Look through the entries below and copy exactly the part that begins with the line containing "d'Orson Welles 1948" and ends with the line containing "Blick Hof zur Straße". Do not copy the pictures.

────────────────────────────────────────

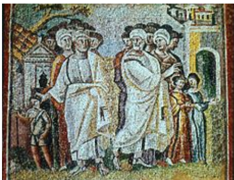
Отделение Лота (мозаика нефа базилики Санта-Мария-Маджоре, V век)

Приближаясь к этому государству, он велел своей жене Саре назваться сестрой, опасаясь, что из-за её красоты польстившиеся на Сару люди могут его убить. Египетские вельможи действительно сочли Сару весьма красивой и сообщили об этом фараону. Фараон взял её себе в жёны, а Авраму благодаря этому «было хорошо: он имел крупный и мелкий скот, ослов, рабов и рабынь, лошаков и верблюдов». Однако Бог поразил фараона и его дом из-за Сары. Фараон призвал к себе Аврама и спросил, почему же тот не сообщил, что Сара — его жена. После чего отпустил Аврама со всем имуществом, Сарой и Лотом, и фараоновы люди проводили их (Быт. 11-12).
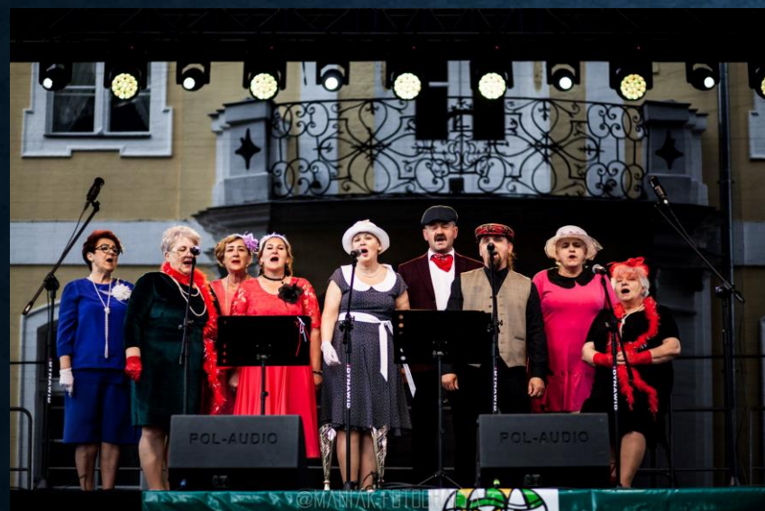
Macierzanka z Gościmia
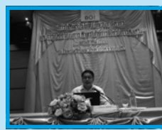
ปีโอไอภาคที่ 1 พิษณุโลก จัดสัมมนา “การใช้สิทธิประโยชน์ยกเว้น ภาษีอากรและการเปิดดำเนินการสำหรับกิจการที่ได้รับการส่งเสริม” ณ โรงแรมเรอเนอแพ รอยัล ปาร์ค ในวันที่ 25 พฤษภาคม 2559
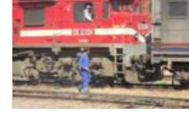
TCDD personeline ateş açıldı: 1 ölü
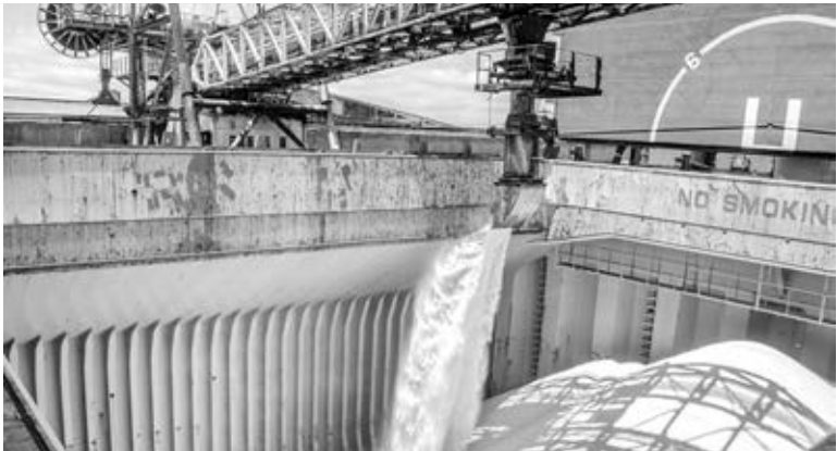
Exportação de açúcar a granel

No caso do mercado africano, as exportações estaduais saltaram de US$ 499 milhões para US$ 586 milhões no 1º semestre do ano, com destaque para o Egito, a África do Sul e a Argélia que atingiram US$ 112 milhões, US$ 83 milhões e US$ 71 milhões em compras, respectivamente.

────────────────────────────────────────

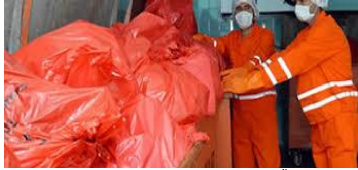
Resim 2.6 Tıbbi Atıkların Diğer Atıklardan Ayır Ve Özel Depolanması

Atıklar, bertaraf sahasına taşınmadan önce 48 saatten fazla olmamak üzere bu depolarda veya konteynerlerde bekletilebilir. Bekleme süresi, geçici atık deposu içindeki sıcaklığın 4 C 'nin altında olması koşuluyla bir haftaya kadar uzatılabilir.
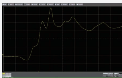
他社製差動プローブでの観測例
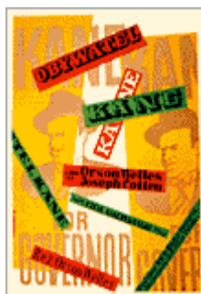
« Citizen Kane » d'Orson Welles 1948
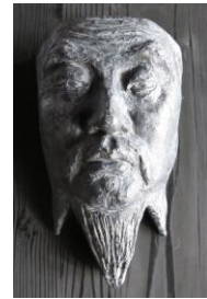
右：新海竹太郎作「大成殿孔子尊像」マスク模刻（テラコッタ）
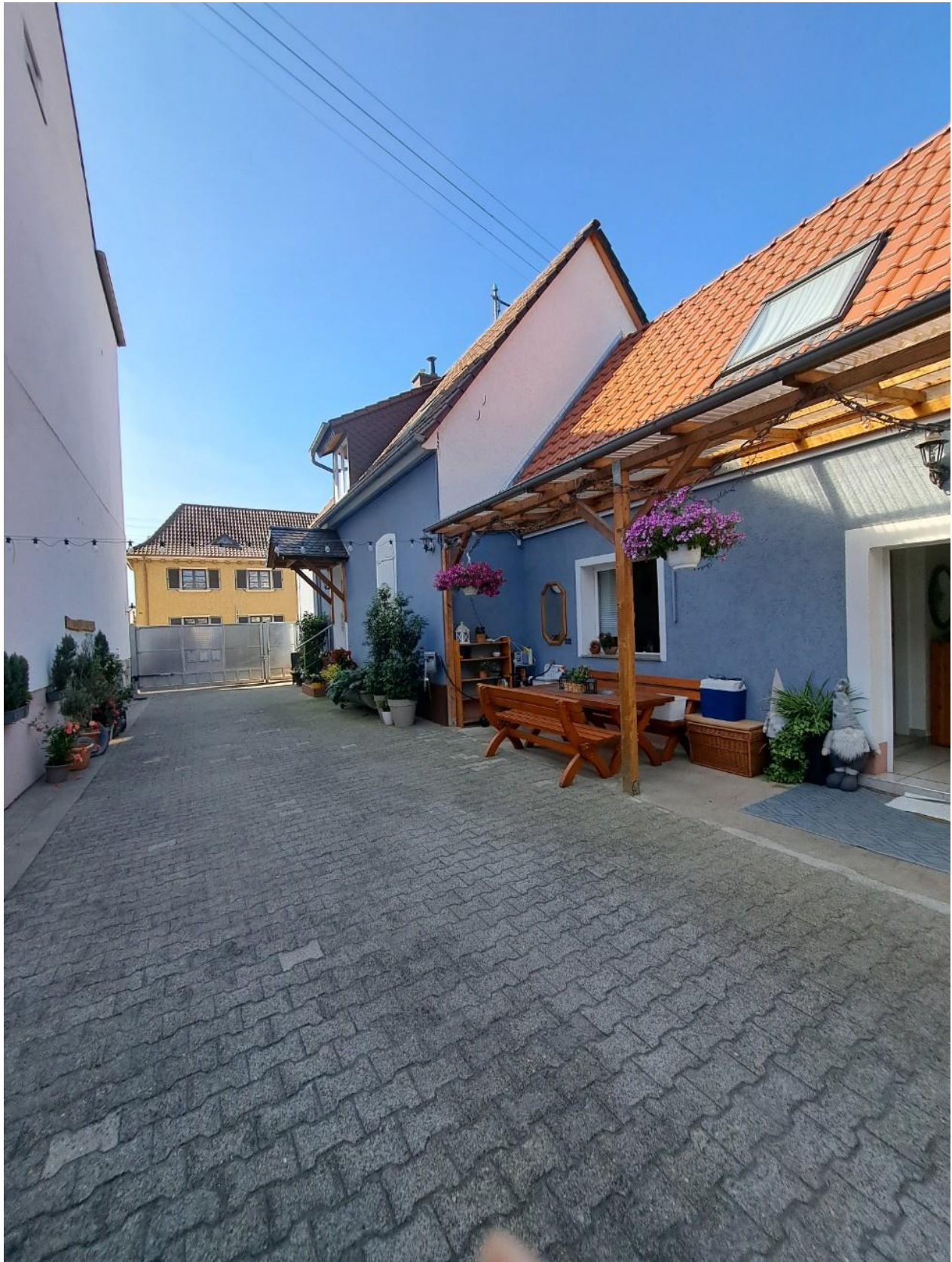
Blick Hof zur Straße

────────────────────────────────────────

*Solution to this exercise:*
« Citizen Kane » d'Orson Welles 1948
右：新海竹太郎作「大成殿孔子尊像」マスク模刻（テラコッタ）
Blick Hof zur Straße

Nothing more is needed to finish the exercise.